La municipalité seynoise radicale doit gérer les oppositions locales des Conservateurs et des Républicains Opportunistes. 

Le nouveau destin de Tamaris 

La Corniche de Tamaris est encore un paysage de coteaux déserts, baignés par la mer et recouverts de tamaris, de myrtes, de lentisques, un endroit paisible identique à celui où Georges Sand vint chercher en 186l un repos salutaire.
Le ministre de la Marine avait adopté le principe de la construction d’un système de jetées en pierres établi entre le Mourillon et la presqu’île de Saint-Mandrier, l’ouvrage étant destiné à se prémunir contre une intrusion dans la rade en vue de torpiller les vaisseaux au mouillage. 
Les travaux avaient commencé depuis trois ans.
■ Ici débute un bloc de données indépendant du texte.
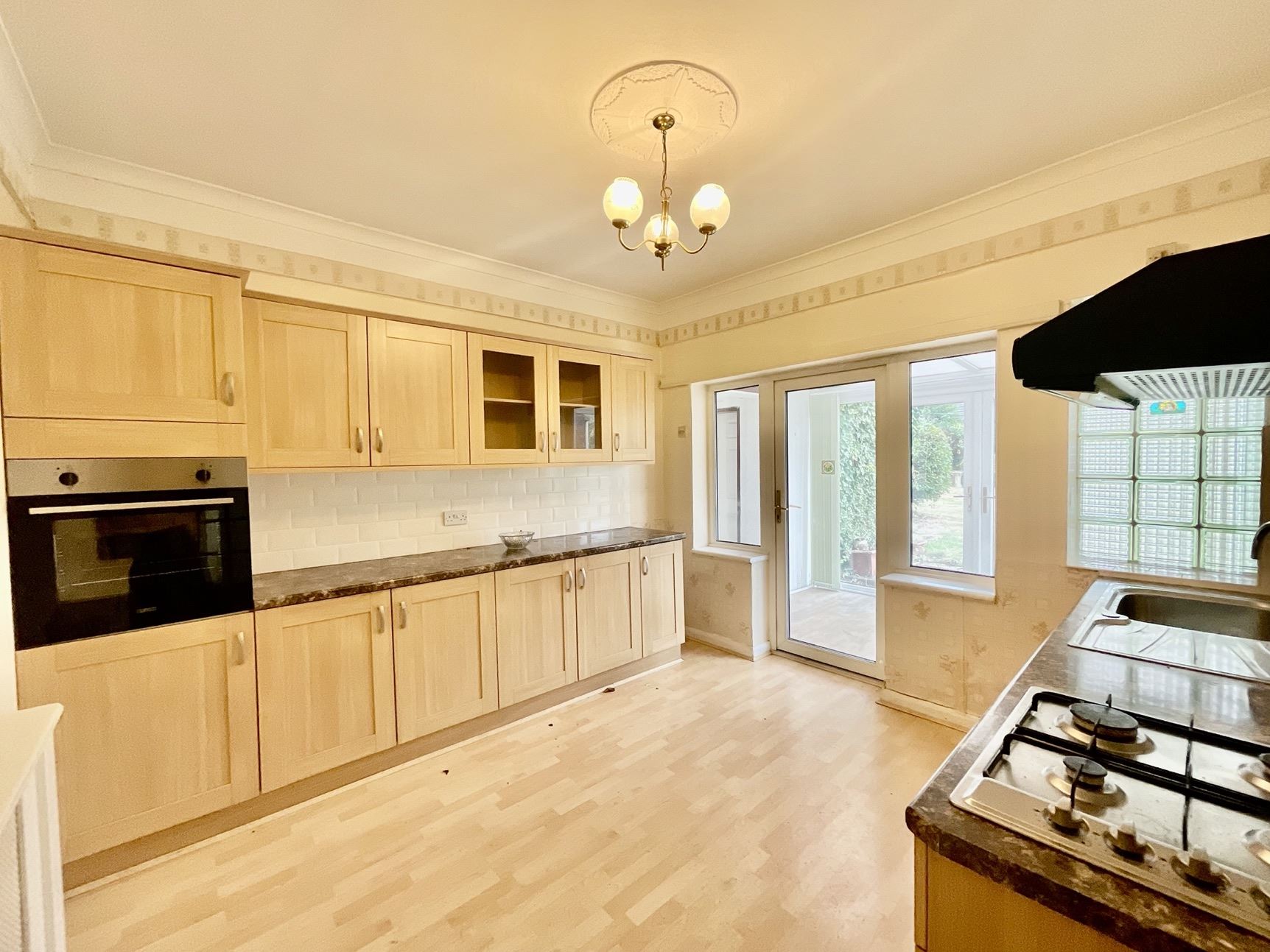 Kitchen with a range of wall and base units, leading through to a second conservatory

Un an plus tard La grande jetée sera achevée.
Michel Pacha (Comte de Pierredon), directeur général des phares et balises de l’Empire ottoman fut séduit par la beauté de cette baie rappelant le Bosphore d’Istanbul. 
Il décide d’entreprendre des travaux gigantesques pour transformer cette butte boisée de 60 ha, en station climatique et touristique destinée à accueillir la bourgeoisie française et étrangère.
Pour créer sa station climatique il vient d’ acquérir quatre cents hectares couvrant les quartiers des Mouissèques, du Manteau, du Bois Sacré, de Tamaris, des Sablettes et de l’Evescat. 
Il se réservera huit hectares pour construire sa résidence personnelle, un magnifique château entouré de splendides plantations. Cet aménagement durera vingt ans. 
Michel Pacha va créer la station estivale et hivernale de Tamaris, décidant de faire de la corniche une véritable petite ville.
Des centaines d’ouvriers se mirent au travail : terrassiers, maçons, charpentiers. La main d’oeuvre locale s’avérant insuffisante il fallut faire appel aux Italiens du Piémont pour la plupart.
400 ouvriers transalpins viendront aménager la Corniche de Tamaris à La Seyne-sur-Mer sur décision de Michel Pacha, alors maire de Sanary.
C’est toute une flottille de bateaux lesteurs qui est mise à contribution. Cet établissement nécessite en effet de combler les marais de l’anse du Lazaret et des Mouissèques – à l’endroit qui deviendra la Corniche de Tamaris -, mais aussi d’acheminer les pierres de Cassis qui serviront à édifier un château, un casino et de luxueuses villas sur la colline. Ces crapauds d’Italiens (les babis) s’entassent par milliers au quartier de la lune (cruellement décimé quinze ans auparavant par l’épidémie de choléra) et dans le centre de la cité.
Ces italiens seront le ciment de l’évolution économique et industrielle locale (20 % de maçons chez les Italiens actifs). 
L’immigration a permis un développement qui n’aurait pas été possible si les patrons et grands industriels s’étaient contentés de la main d’œuvre locale et c’est notamment grâce à cette population que la commune est passée « du bourg provençal à la cité cosmopolite ».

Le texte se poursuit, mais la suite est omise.